[Entries taken from a collection]
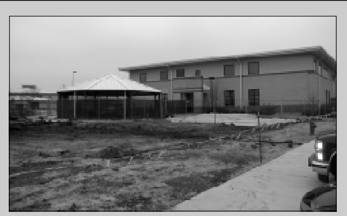
Spirit Photo by/Maj. David Fruck

Chu said the number of servicemembers on food stamps has plummeted from 19,400 in 1991 to 4,200 in 2001. An anticipated 2,100 users are expected in 2002, thanks to DOD's family subsistence supplemental allowance program that cuts down on out-of-pocket expenses. The president's budget increases funding for family support centers by 8.5 percent or $17 million.
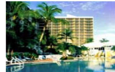
Radisson Suite Beach Resort Marco Island
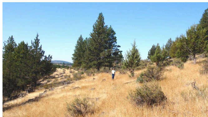
Approaching the top of Shake Table, the well-worn wild horse trail traverses a long flat bench.
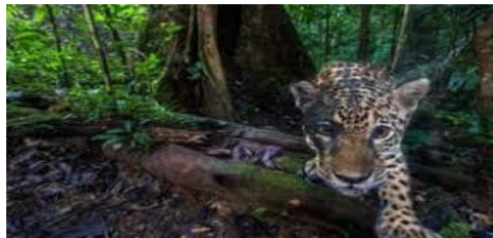
WHAT DOES IT TAKE TO SURVIVE ?

MUSIC – body percussion, rhythm and beats

__WHAT TO PRODUCE__
Set down, exactly as they appear, the line holding "WHAT DOES IT TAKE TO SURVIVE ?" and every line after it until the records end.

__EXERCISE SOLUTION__
WHAT DOES IT TAKE TO SURVIVE ?

MUSIC – body percussion, rhythm and beats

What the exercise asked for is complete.